Laura Cantrell
Just Like A Rose: The Anniversary Sessions
Propeller Sound Recordings
9 June 2023

Laura Cantrell‘s Just Like a Rose: The Anniversary Sessions was initially intended to mark the 20th anniversary of her 2000 debut album, Not The Tremblin’ Kind, but it was placed on the back burner due to the pandemic. Cantrell finally gets to wheel out the birthday cake with party guests like Steve Earle and Buddy Miller. Despite what the title may suggest, this isn’t a reworking of old material, save for a revisit of When The Roses Bloom Again, a Jeff Tweedy title track from her second album, here in company with Earle on vocals, Miller on twangy electric guitar and Uilleann pipes from Ivan Goff.
Cantrell kicks the party off with the lively organ-driven bounce of Push the Swing as she offers advice to a potential suitor (“I can’t be your confidante/I can’t be your long lost pal/If I’m not the one you want just tell me so right now/I can’t say that this won’t hurt/Who can say the wasp won’t sting?/But if I drag you through the dirt, darlin it didn’t mean a thing”), moving on to the steel-laced old school country of Bide My Time (the second co-write with Mark Winchester) which, produced by Don Fleming and David Mansfield, muses on the need to move on from hurt.
One of two produced by Rosie Flores, who also contributes electric and acoustic guitar alongside harmonies with Siobhan Maher Kennedy on both, Brand New Eyes is an Amy Rigby cover from the early 90s, given a 60s girl group vibe in tribute to the late Ronnie Spector. The second follows, a twangy strutting title track which is itself a tribute to Flores (“Don’t take a thousand watts and a Marshall stack. She’s got an old Telecaster and a Fender black/Her stuff will knock you out, draw you in/You’re gonna feel that sound come up under your skin”).

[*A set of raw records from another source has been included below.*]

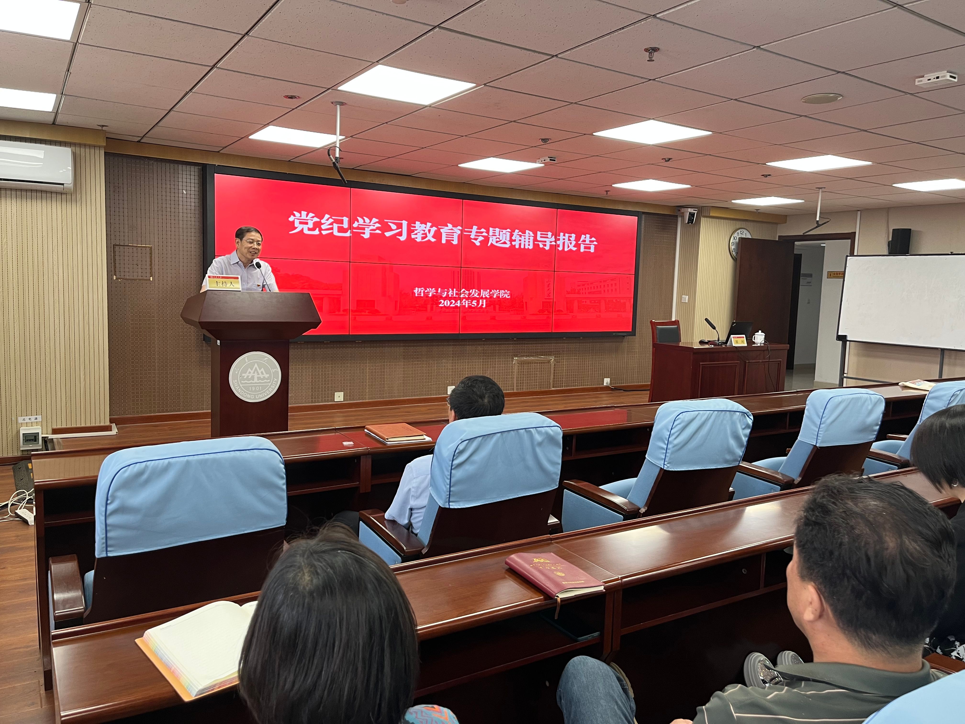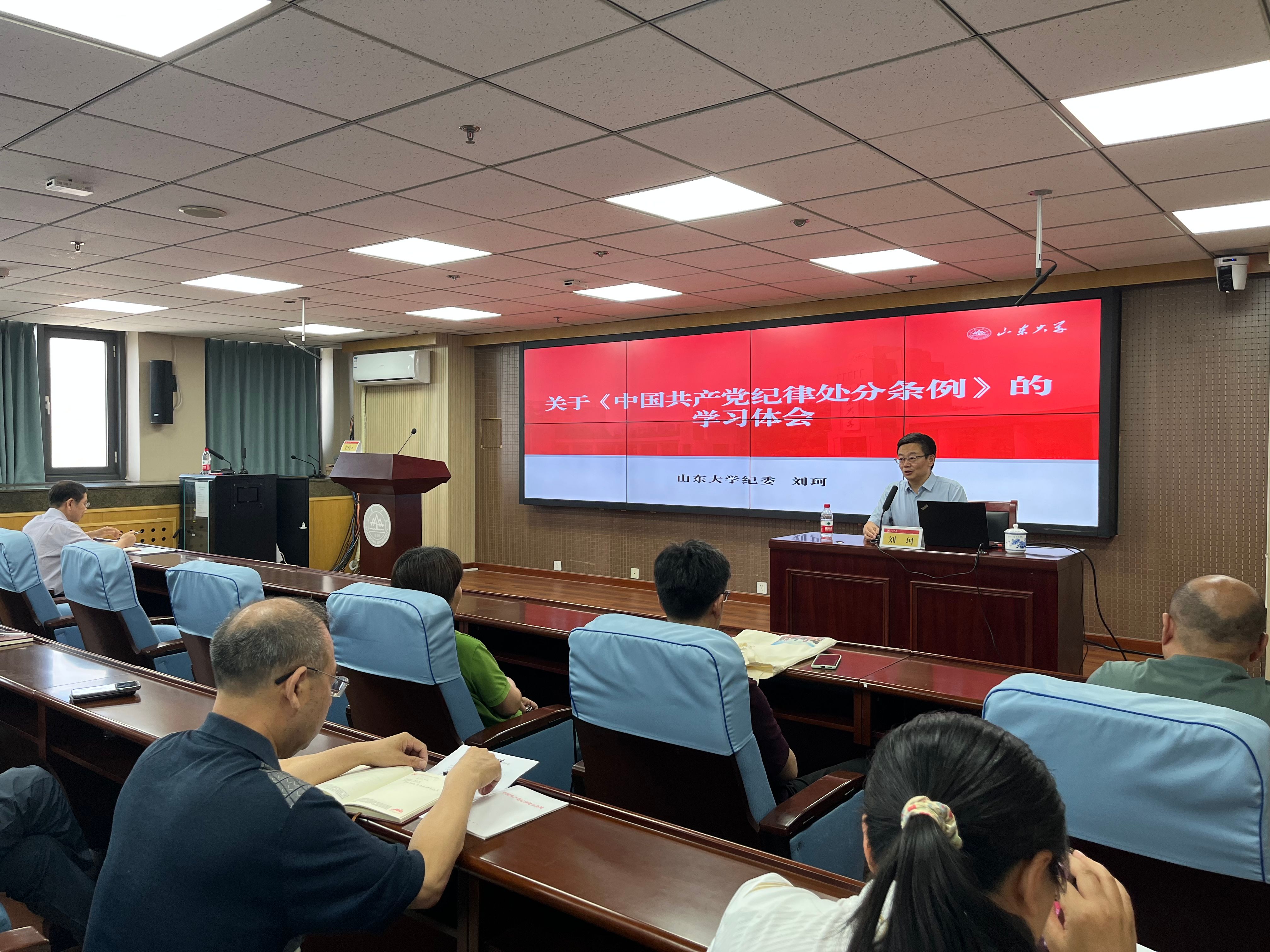 为深入开展党纪学习教育,教育引导全院党员干部学纪、知纪、明纪、守纪,5月30日下午,成人在线免费视频召开党纪学习教育专题辅导报告会,山东大学纪委副书记刘珂应邀作题为“关于《中国共产党纪律处分条例》的学习体会”的专题辅导报告。学院党委书记梅强主持报告会。学院全体教工党员、学生党员代表参加报告会。
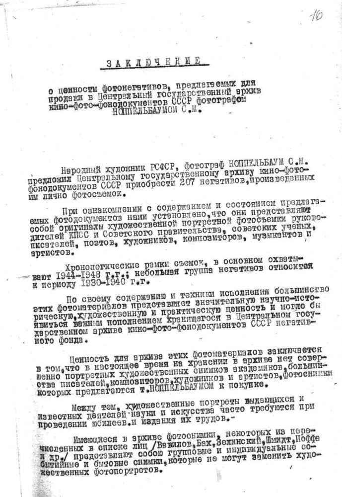 Начальником фотоотдела ЦГАКФФД СССР Ермаковой Н.И. было подготовлено заключение (фото №№ 8–9) о ценности фотонегативов, предлагаемых для продажи в Центральный государственный архив кино-фото-фонодокументов СССР фотографом Наппельбаумом М.С. с поименным списком членов правительства, академиков, ученых, писателей, композиторов и прочих известных людей.
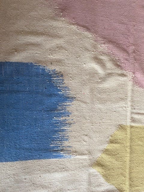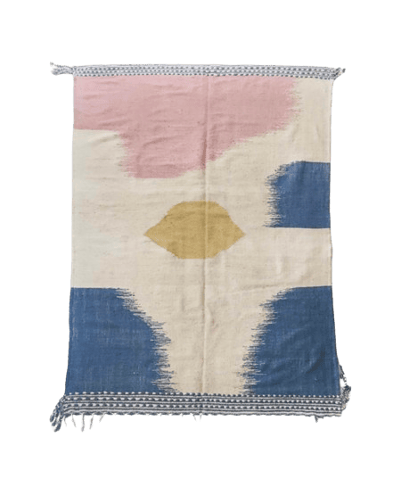 Vintage Berberteppich ecru, rosa, sand, blau nachhaltige Wolle 200x190cm
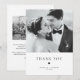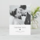 Tarjeta de agradecimiento de boda Elegancia Moderna Tipografía Negra | Envía agradecimientos a familiares y amigos por ser parte de tu día especial con esta tarjeta de agradecimiento de boda personalizable. Cuenta con tipografía minimalista con ilustración de corazón. Muestra tu foto de boda favorita en la parte frontal de la tarjeta y agrega otra foto en la parte trasera de la tarjeta. Esta tarjeta postal de agradecimiento está disponible en otros colores.

The pace slows for Secret Language, a dreamy love song (“You and I share a secret language/Ours alone, no one else can understand it”) where, with echoes of Kitty Wells, she’s backed by Lambchop’s Paul Burch and his current band, the WPA Ballclub, with Fats Kaplan on pedal steel and Jen Gunderman on piano and harmony. Equally laid back with a jazzy New York wash, Unaccompanied is the first of two co-writes with Fred Wilhelm, a college colleague from the 80s, on which she reminiscences about roaming the city subways in search of music (“Out in the club don’t know a soul but my friend at the gate outside/He let me in because I couldn’t find a friend to go with me on a Tuesday night/It was spontaneous, might sound crazy but I just wanted to dance”) and happy to be on her own. It’s followed by the wistful, reflective I’m Gonna Miss This Town with its jaunty chorus as she contemplates of things change, balancing the then of “A Catholic church, a Baptist church/Come Monday morning everyone got back to work/Post office and a bank where they knew my name/Smile and a thanks with my receipt and change/Norman Rockwell couldn’t paint it any better” with the now of “The cross walk paint is peeling up/The houses have grown bigger and cost twice as much/They’re renting by the week at the Budgetel/Where the cashier wears a flag pin in his lapel/My mother wonders why I don’t visit more/Every time I’m here I just miss it more”.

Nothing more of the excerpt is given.